To do
Pictures do not belong in the copy. Output exactly the lines from the one containing "Jesus is the" to the end of the listing below.

________

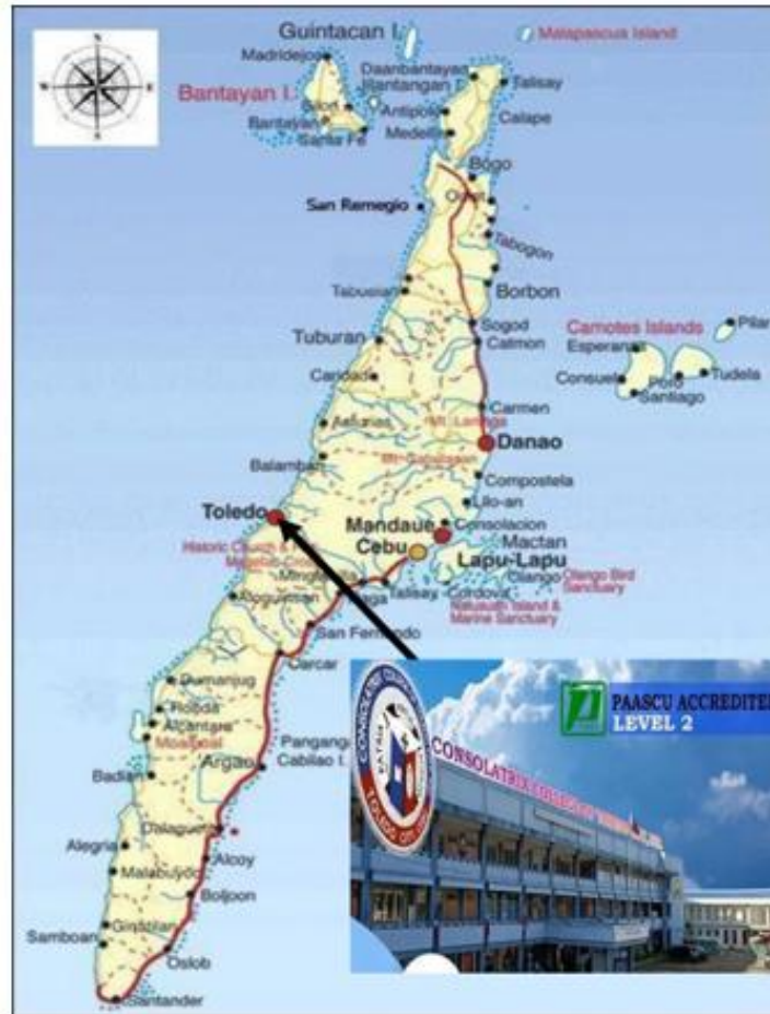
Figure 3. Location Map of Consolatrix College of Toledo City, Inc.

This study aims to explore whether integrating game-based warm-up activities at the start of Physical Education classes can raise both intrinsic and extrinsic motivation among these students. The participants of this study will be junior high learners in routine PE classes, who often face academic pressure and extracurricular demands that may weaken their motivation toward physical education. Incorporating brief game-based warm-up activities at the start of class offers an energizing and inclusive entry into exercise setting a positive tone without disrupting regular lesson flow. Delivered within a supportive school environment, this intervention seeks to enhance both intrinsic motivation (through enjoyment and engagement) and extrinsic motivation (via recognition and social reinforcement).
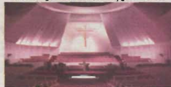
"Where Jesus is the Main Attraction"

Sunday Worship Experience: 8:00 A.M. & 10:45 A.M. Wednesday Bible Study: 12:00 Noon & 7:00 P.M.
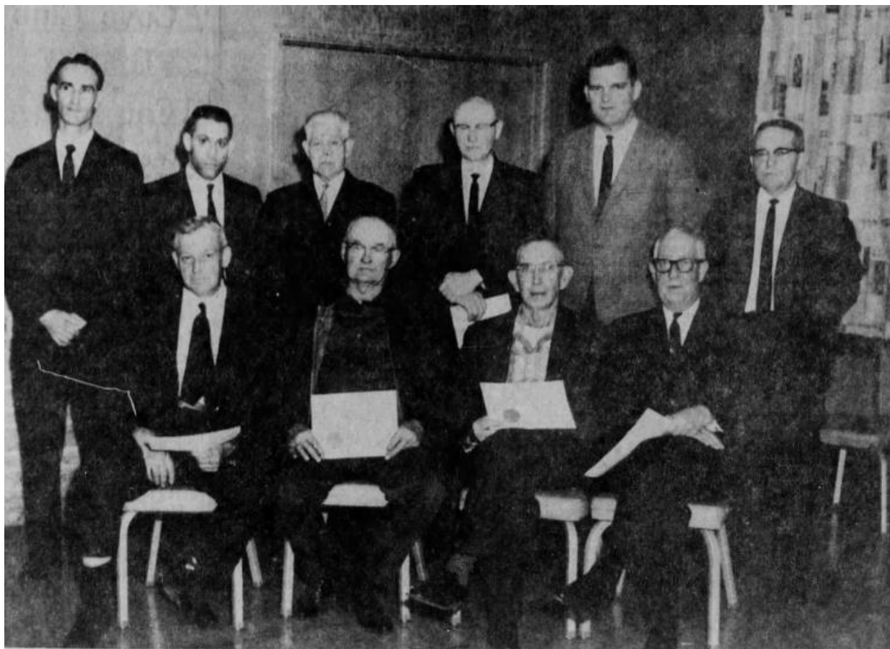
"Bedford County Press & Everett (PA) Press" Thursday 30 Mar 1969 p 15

________

Written response
"Where Jesus is the Main Attraction"

Sunday Worship Experience: 8:00 A.M. & 10:45 A.M. Wednesday Bible Study: 12:00 Noon & 7:00 P.M.
"Bedford County Press & Everett (PA) Press" Thursday 30 Mar 1969 p 15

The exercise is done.